MATERIAL TO PROCESS: Begin

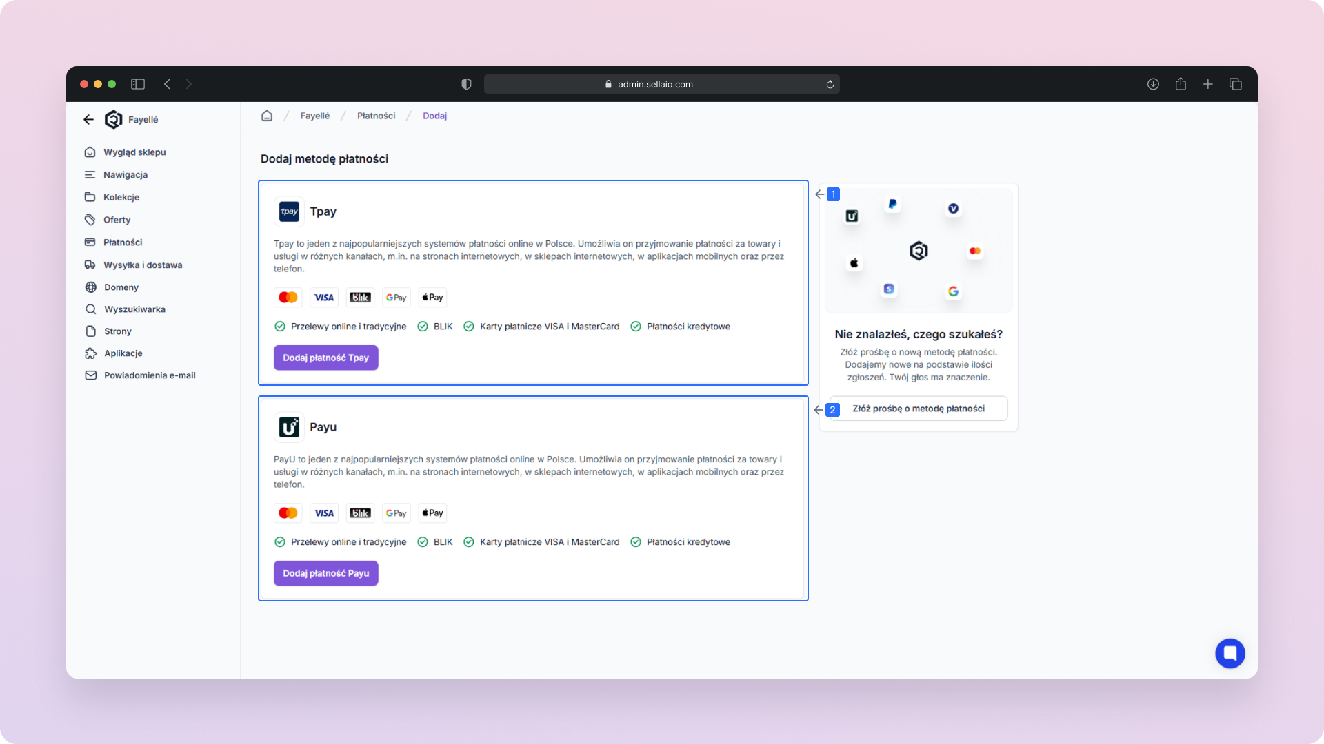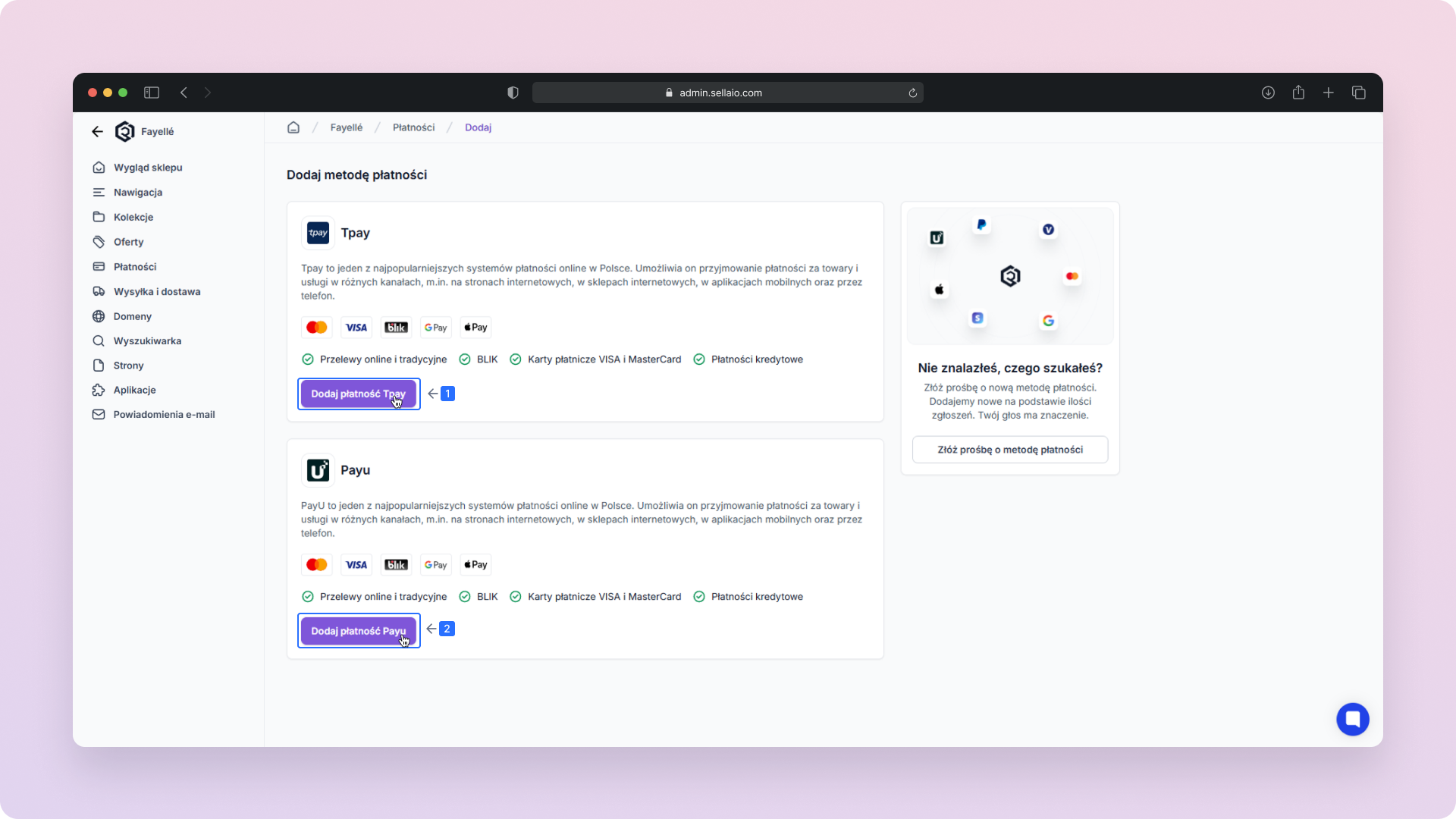 Dodaj płatność Tpay/PayU – Kliknij przycisk obok Tpay lub PayU, aby przejść do formularza konfiguracji i rozpocząć proces integracji z tą metodą płatności.
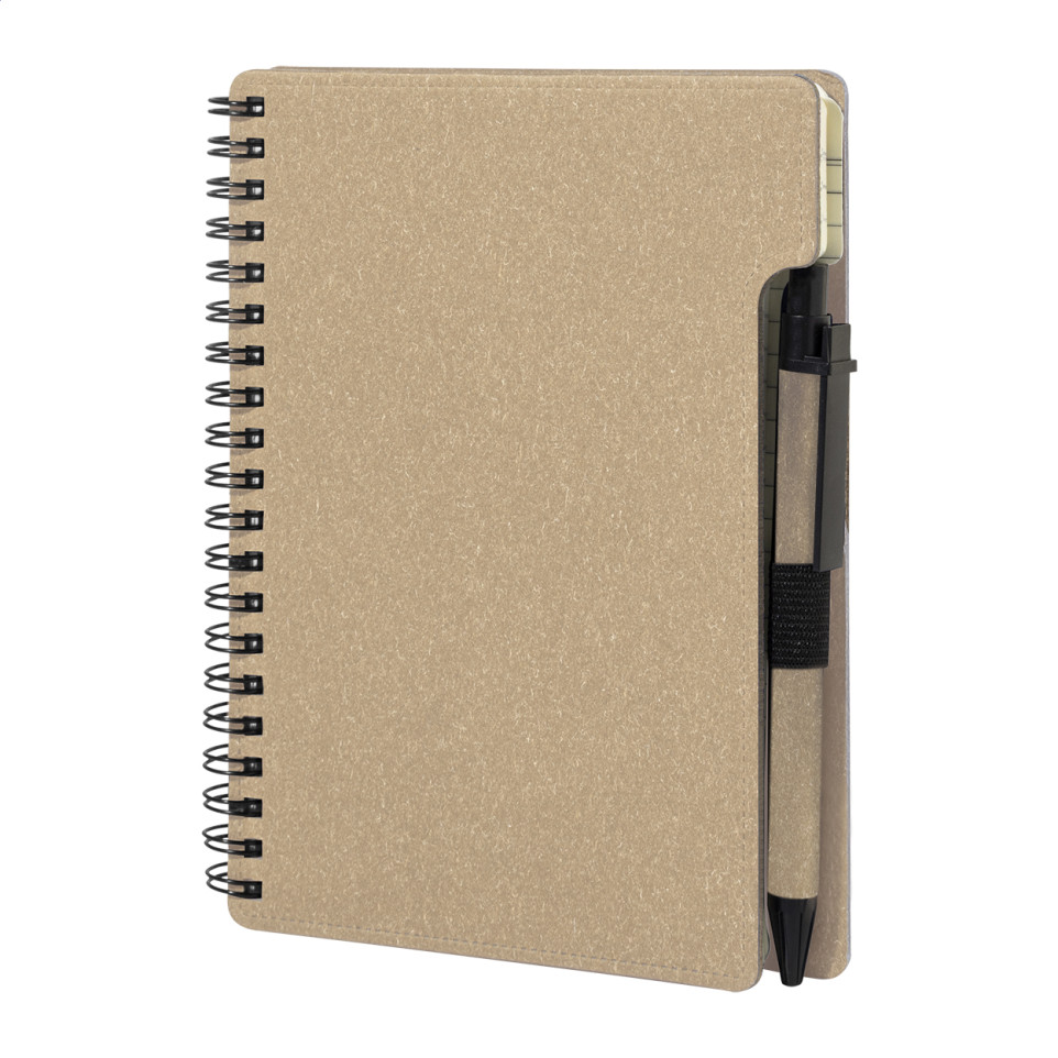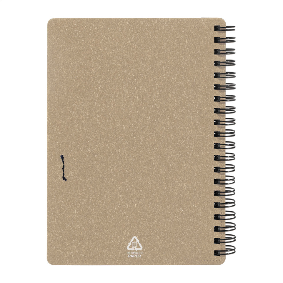Carnet à spirale format A6 en papier recyclé, accompagné d'un stylo à bille en polypropylène recyclé. Idéal pour la prise de notes au quotidien, en bureau ou en déplacement.
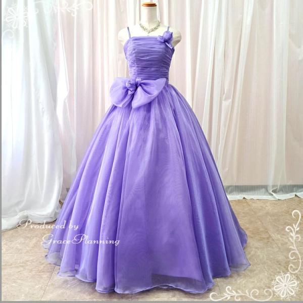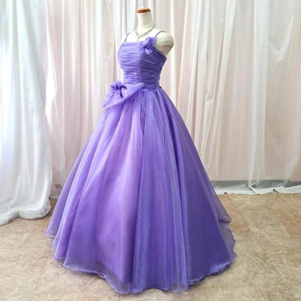 カラードレス 演奏会ドレス 発表会ドレス パープル 紫 ロングドレス 結婚式 花嫁 前撮り 肩紐付き 編み上げ 即日発送 SML cd01264m
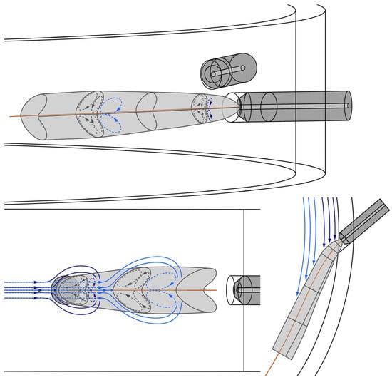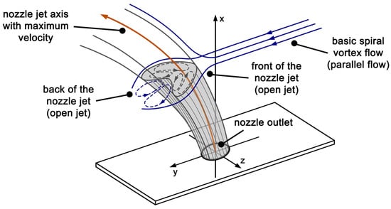 Based on Abramovich’s nozzle jet model [38] and the experimental findings regarding the aerodynamics obtained in the course of this work, a model of the deflected and deformed nozzle jet of the unloaded grinding gas flow in a spiral jet mill is created, as illustrated in Figure 11. After exiting the nozzle outlet and entering the grinding chamber, the nozzle jet initially expands with a circular flow cross-section. As soon as the jet is encountered and deflected by the basic spiral vortex flow, the vortex-pair forms on its back, resulting almost directly in a deformation of the nozzle jet that intensifies with increasing distance from the nozzle outlet. Due to the restriction of the optical accessibility of the grinding chamber by the nozzle borehole in the grinding ring, the circular flow cross-section cannot be captured experimentally (cf. Figure 10), as it rapidly transitions into the kidney-shaped cross-section.
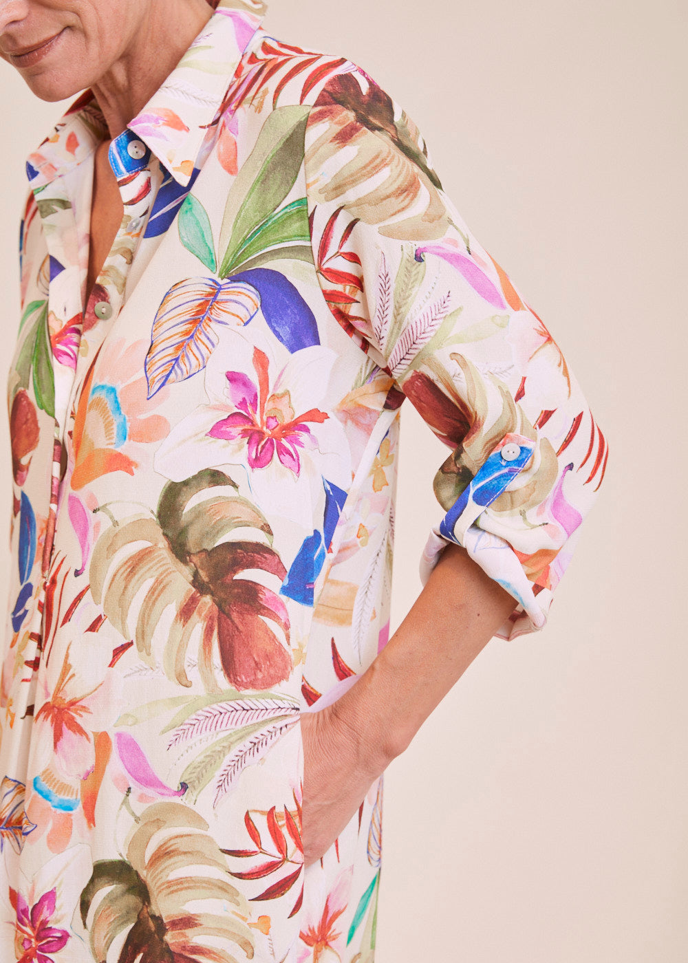 Lässig geschnittenes Hemdblusenkleid mit langen Armen mit besonderem Print. Aus einer weich fließenden Viskose mit Hemdkragen und Manschetten. Dieses Kleid kann entweder mit einem Gürtel antailliert oder einfach lässig getragen werden. Länge:103cm.

MATERIAL TO PROCESS: End

Would you copy, word for word, only the lines above from the one containing "Carnet à spirale" through the one containing "カラードレス 演奏会ドレス 発表会ドレス", both included, and please leave out the pictures?

Carnet à spirale format A6 en papier recyclé, accompagné d'un stylo à bille en polypropylène recyclé. Idéal pour la prise de notes au quotidien, en bureau ou en déplacement.
 カラードレス 演奏会ドレス 発表会ドレス パープル 紫 ロングドレス 結婚式 花嫁 前撮り 肩紐付き 編み上げ 即日発送 SML cd01264m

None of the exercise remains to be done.